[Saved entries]

▬▬▬▬▬▬▬▬▬▬

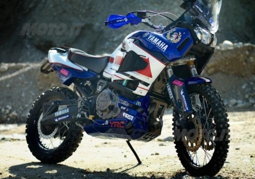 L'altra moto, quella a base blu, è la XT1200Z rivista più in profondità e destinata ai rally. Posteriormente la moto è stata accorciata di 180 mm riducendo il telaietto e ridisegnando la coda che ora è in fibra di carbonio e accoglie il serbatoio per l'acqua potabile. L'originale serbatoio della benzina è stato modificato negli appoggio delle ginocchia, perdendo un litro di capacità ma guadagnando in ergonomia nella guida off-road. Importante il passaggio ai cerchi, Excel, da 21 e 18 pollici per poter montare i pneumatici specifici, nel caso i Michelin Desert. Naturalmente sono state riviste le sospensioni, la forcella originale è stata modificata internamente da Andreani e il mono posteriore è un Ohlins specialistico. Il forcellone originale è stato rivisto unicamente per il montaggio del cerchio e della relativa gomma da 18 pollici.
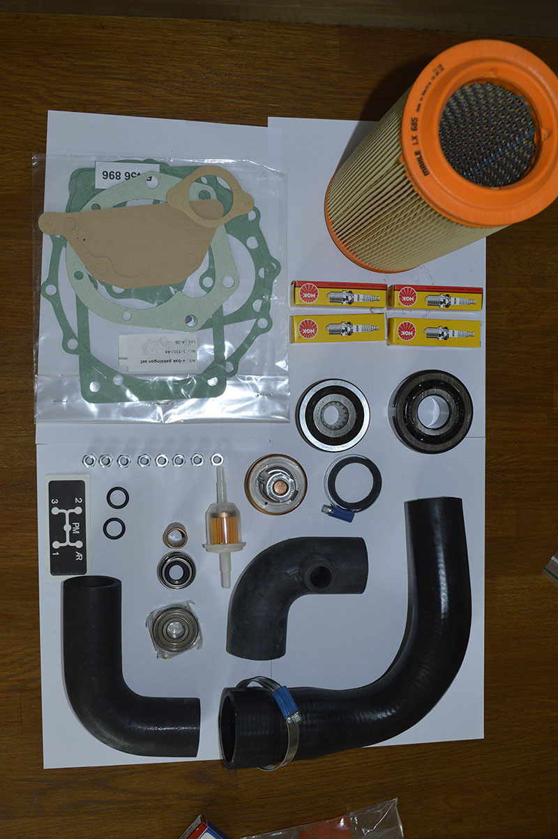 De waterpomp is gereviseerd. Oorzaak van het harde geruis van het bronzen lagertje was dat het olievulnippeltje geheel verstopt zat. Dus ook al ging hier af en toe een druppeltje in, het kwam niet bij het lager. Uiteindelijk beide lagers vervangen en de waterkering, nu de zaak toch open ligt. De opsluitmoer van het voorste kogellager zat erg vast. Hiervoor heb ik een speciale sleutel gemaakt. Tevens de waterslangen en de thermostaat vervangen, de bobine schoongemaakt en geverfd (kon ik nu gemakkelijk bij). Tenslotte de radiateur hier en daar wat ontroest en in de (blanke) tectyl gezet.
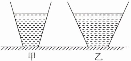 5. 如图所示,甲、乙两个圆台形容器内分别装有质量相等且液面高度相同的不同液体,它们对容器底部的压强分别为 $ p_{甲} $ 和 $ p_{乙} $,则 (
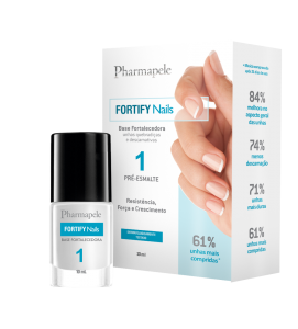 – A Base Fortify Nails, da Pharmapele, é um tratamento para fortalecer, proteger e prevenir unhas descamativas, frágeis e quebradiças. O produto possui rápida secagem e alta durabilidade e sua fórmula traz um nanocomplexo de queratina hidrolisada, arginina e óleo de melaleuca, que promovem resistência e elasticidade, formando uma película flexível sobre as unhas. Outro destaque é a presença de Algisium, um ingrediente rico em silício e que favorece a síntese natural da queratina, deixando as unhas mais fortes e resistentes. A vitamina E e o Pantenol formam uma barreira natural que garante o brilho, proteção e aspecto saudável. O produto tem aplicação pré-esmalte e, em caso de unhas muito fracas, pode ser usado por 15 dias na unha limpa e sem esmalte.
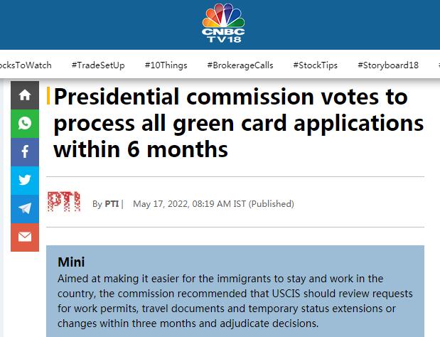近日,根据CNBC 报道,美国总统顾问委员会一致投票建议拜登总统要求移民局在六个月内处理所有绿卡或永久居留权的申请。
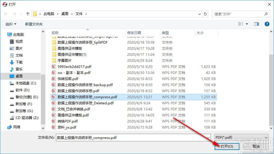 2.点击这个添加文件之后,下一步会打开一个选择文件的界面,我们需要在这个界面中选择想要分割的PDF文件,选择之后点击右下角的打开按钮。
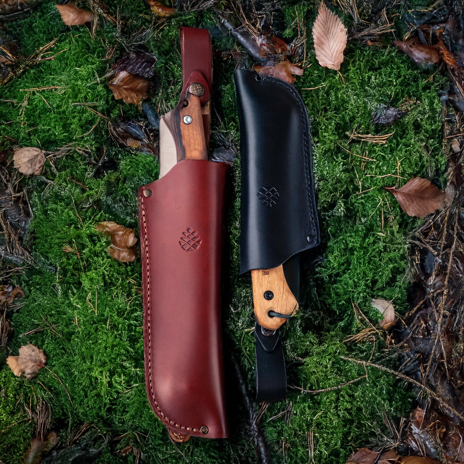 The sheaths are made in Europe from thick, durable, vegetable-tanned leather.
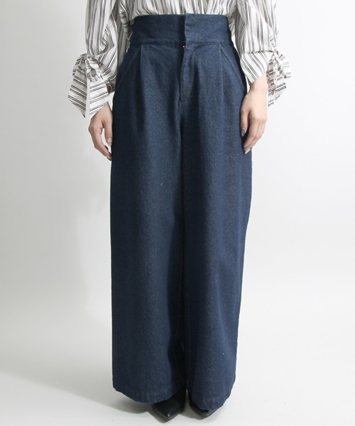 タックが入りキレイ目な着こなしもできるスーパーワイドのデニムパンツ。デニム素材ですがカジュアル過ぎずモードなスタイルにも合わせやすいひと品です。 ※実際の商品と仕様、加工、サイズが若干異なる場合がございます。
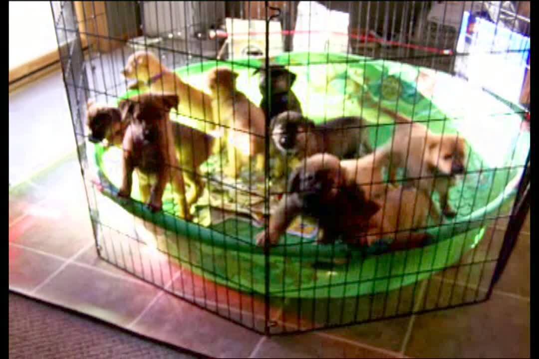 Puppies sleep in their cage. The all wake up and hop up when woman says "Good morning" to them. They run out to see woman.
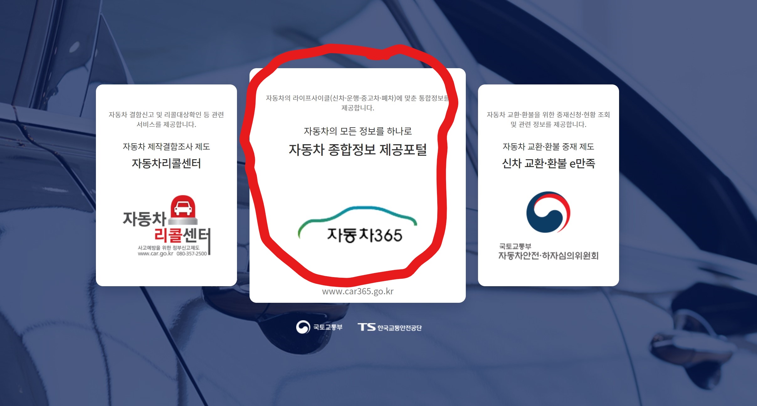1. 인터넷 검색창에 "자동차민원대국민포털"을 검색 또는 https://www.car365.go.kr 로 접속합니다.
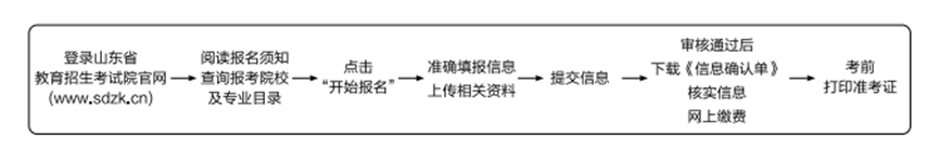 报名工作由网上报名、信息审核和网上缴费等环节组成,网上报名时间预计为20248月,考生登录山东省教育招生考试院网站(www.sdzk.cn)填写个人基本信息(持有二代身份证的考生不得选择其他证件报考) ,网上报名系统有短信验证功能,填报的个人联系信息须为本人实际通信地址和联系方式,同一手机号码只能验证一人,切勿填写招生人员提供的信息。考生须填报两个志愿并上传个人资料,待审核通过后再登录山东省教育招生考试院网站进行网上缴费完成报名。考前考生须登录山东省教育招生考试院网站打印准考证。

▬▬▬▬▬▬▬▬▬▬

TASK REQUIREMENTS: Can you retype every record above exactly, leaving out the pictures?

OUTPUT BELOW:
 L'altra moto, quella a base blu, è la XT1200Z rivista più in profondità e destinata ai rally. Posteriormente la moto è stata accorciata di 180 mm riducendo il telaietto e ridisegnando la coda che ora è in fibra di carbonio e accoglie il serbatoio per l'acqua potabile. L'originale serbatoio della benzina è stato modificato negli appoggio delle ginocchia, perdendo un litro di capacità ma guadagnando in ergonomia nella guida off-road. Importante il passaggio ai cerchi, Excel, da 21 e 18 pollici per poter montare i pneumatici specifici, nel caso i Michelin Desert. Naturalmente sono state riviste le sospensioni, la forcella originale è stata modificata internamente da Andreani e il mono posteriore è un Ohlins specialistico. Il forcellone originale è stato rivisto unicamente per il montaggio del cerchio e della relativa gomma da 18 pollici.
 De waterpomp is gereviseerd. Oorzaak van het harde geruis van het bronzen lagertje was dat het olievulnippeltje geheel verstopt zat. Dus ook al ging hier af en toe een druppeltje in, het kwam niet bij het lager. Uiteindelijk beide lagers vervangen en de waterkering, nu de zaak toch open ligt. De opsluitmoer van het voorste kogellager zat erg vast. Hiervoor heb ik een speciale sleutel gemaakt. Tevens de waterslangen en de thermostaat vervangen, de bobine schoongemaakt en geverfd (kon ik nu gemakkelijk bij). Tenslotte de radiateur hier en daar wat ontroest en in de (blanke) tectyl gezet.
 5. 如图所示,甲、乙两个圆台形容器内分别装有质量相等且液面高度相同的不同液体,它们对容器底部的压强分别为 $ p_{甲} $ 和 $ p_{乙} $,则 (
 – A Base Fortify Nails, da Pharmapele, é um tratamento para fortalecer, proteger e prevenir unhas descamativas, frágeis e quebradiças. O produto possui rápida secagem e alta durabilidade e sua fórmula traz um nanocomplexo de queratina hidrolisada, arginina e óleo de melaleuca, que promovem resistência e elasticidade, formando uma película flexível sobre as unhas. Outro destaque é a presença de Algisium, um ingrediente rico em silício e que favorece a síntese natural da queratina, deixando as unhas mais fortes e resistentes. A vitamina E e o Pantenol formam uma barreira natural que garante o brilho, proteção e aspecto saudável. O produto tem aplicação pré-esmalte e, em caso de unhas muito fracas, pode ser usado por 15 dias na unha limpa e sem esmalte.
近日,根据CNBC 报道,美国总统顾问委员会一致投票建议拜登总统要求移民局在六个月内处理所有绿卡或永久居留权的申请。
 2.点击这个添加文件之后,下一步会打开一个选择文件的界面,我们需要在这个界面中选择想要分割的PDF文件,选择之后点击右下角的打开按钮。
 The sheaths are made in Europe from thick, durable, vegetable-tanned leather.
 タックが入りキレイ目な着こなしもできるスーパーワイドのデニムパンツ。デニム素材ですがカジュアル過ぎずモードなスタイルにも合わせやすいひと品です。 ※実際の商品と仕様、加工、サイズが若干異なる場合がございます。
 Puppies sleep in their cage. The all wake up and hop up when woman says "Good morning" to them. They run out to see woman.
1. 인터넷 검색창에 "자동차민원대국민포털"을 검색 또는 https://www.car365.go.kr 로 접속합니다.
 报名工作由网上报名、信息审核和网上缴费等环节组成,网上报名时间预计为20248月,考生登录山东省教育招生考试院网站(www.sdzk.cn)填写个人基本信息(持有二代身份证的考生不得选择其他证件报考) ,网上报名系统有短信验证功能,填报的个人联系信息须为本人实际通信地址和联系方式,同一手机号码只能验证一人,切勿填写招生人员提供的信息。考生须填报两个志愿并上传个人资料,待审核通过后再登录山东省教育招生考试院网站进行网上缴费完成报名。考前考生须登录山东省教育招生考试院网站打印准考证。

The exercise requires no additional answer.